No industry is perfect, and each has their own distinct challenges to contend with. In the field of trucking, probably one of the most problematic functions is that of a fleet manager. That’s to be expected, though, because they are the ones who are responsible for making sure that all aspects of the operations go well, and they have to see to it that this is what happens all the time. This is virtually impossible, however, because we all know that no matter how hard we try, something is always bound to go wrong. And the best thing to do is just make sure to keep those instances down to a minimum.
There are conditions that are uncontrollable. But there are also others which can be managed. Among the many problems that fleet managers have to deal with, here are three of the most crucial ones which they actually have some control over, even if they sometimes feel that they don’t.
Everything is constantly changing. But one thing that doesn’t is concern on safety, simply because life is precious, of course. Based on information from the NHTSA, road fatalities are rising. Maybe not by too much, but the mere fact that the numbers are increasing is still alarming in itself. Because it’s suggesting that in spite of all the warnings and advice, drivers still aren’t becoming more careful, and truck drivers aren’t any different.
Stats from last year aren’t available yet. But in the year before that, truck-related crashes with fatalities rose by 4% — equivalent to 2,500 deaths, and that’s a lot. If no drastic corrective and preventive actions are taken, there’s no reason to believe that the numbers will get any better.

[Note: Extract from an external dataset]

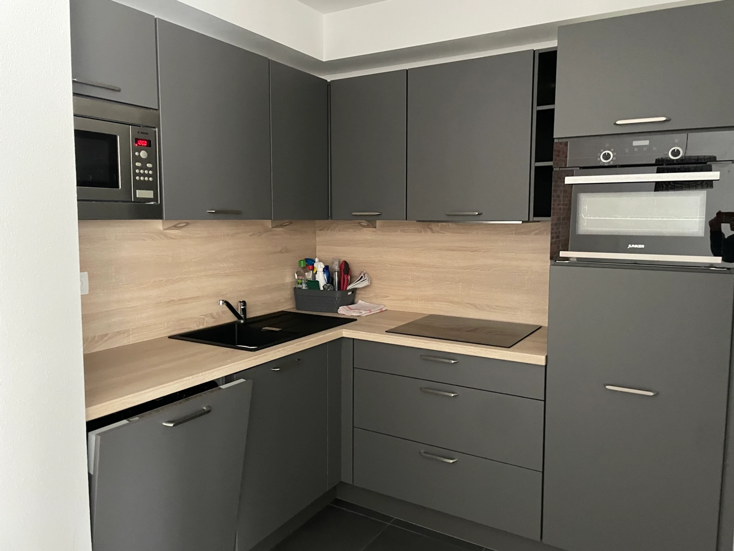 Offene Küche: Kühlschrank mit Gefrierfach, 4-Platten-Herd, Backofen, Mikrowelle, Geschirrspüler, Filterkaffeemaschine, Toaster, Wasserkocher, Küchenmaschine.

We have advanced technology now, and even if it might cost a great deal to invest in technological products and systems that can improve safety, it should be considered as a worthy investment. Safety should be everyone’s concern, after all, accident-free trips are beneficial for everyone — from the company, to the drivers, the customers, and everyone else on the road.
The regulations aren’t just changing more often than what one can normally keep up with. The number of regulations is also increasing. This makes it harder to ensure that the company is complying with every one of those regulations.There’s one particular regulatory change that is bound to have a major impact on commercial vehicles management, and it’s one that not many are looking forward to. It’s known as the 2017 Electronic Logging Device (ELD) implementation and management.

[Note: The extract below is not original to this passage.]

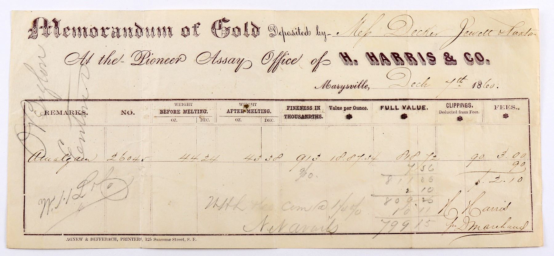 H. Harris & Co. Pioneer Assay Office, (Late Harris & Marchand), Marysville, CA, October 27, 1859 - No. 19609 Memorandum of Gold Deposited by Bankers Cadwallader Co. This receipt was printed on creme or buff colored paper in a reddish-brown ink by Agnew & Deffenback, Printers, 125 Sansome Street, S.F. Amalgam weighing 53.25 oz was deposited, after melting it weighed just 52.59 oz., which indicates that a combination of nearly three quarters ounce of mercury and slag were removed during the melt. The gold had a fineness of .951 with a value per ounce calculated to be $19.65.89. The full value the assayed deposit is written as $1,031.89 before any deductions for clippings and other charges leaving a net of $1,061.65. A commission of 2% for coining and $2.52 and $3.00 for misc. and assaying fees were charged The rarity of H. Harris & Co. assay receipts also showing the names of Harris & Marchand rates as Extremely Rare with perhaps only three or four known such as this one. This receipt was signed by H. Harris for D. Marchand. It has the usual ìpocket folds common to virtually all assay receipts, the overall condition is deemed to be Very Fine. The names of Harris and Marchand are well known to ingot collectors because of the beautiful gold ingots they rendered in their assay offices, some of which were recovered from the wreck site of the S.S. Central America, which sank while loaded to the gunnels with gold coins and assayers ingots off the east coast of the United States during a hurricane in 1857. Very Fine, R8. Possibly the earliest known. Size: 10.25 x 4.625 inches. Check the Mining Section for other RARE California Assay Office documents. Marysville California 1859

An ELD is a computer that will take the place of the conventional paper logbook — it will track the drivers’ hours of service. Many drivers are not too happy with this impending change, with some even saying that if the rule is implemented, they might decide to leave the industry. The reason is quite understandable: it’s the typical resistance to change, especially a major one. If fleet managers will be unable to find a way to encourage and convince drivers to accept the change towards a digital solution, then the truck driver shortage being faced right now might get even worse.
Yes, without truck drivers, the industry will be non-existent. But that doesn’t mean that they get to have whatever they want, when they want. Neither does it mean that their grievances should be simply dismissed without discussion.There should always be a balance that would be beneficial for everyone concerned. Especially with the driver shortage, it is critical that driver concerns are discussed and addressed before they get too serious and virtually unsolvable. This begins with proper communication, whether it’s through manual channels, or the more modern way — through apps, social media and online forums.

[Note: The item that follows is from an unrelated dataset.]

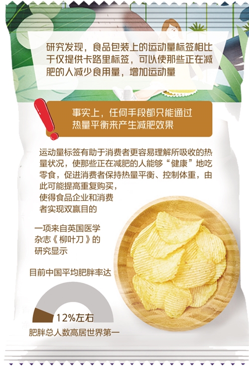 如果,當(dāng)你買了一包薯片正打算吃時(shí),卻發(fā)現(xiàn)包裝袋上寫著“該薯片120卡路里,需要快跑19分鐘才能消耗這些熱量”,那么你還會(huì)繼續(xù)吃下去嗎?

By becoming aware of what problems are early on, coming up with solutions and will be easier. And that has to work both ways. Drivers can’t simply ask for upgraded tools and equipment. They have to make sure they comply with rules and regulations too. Both sides aren’t always expected to see eye to eye, which is why there is compromise. Fleet managers have a critical role in helping their organization reach a win-win solution. Otherwise, they won’t have any drivers or a fleet left to manage.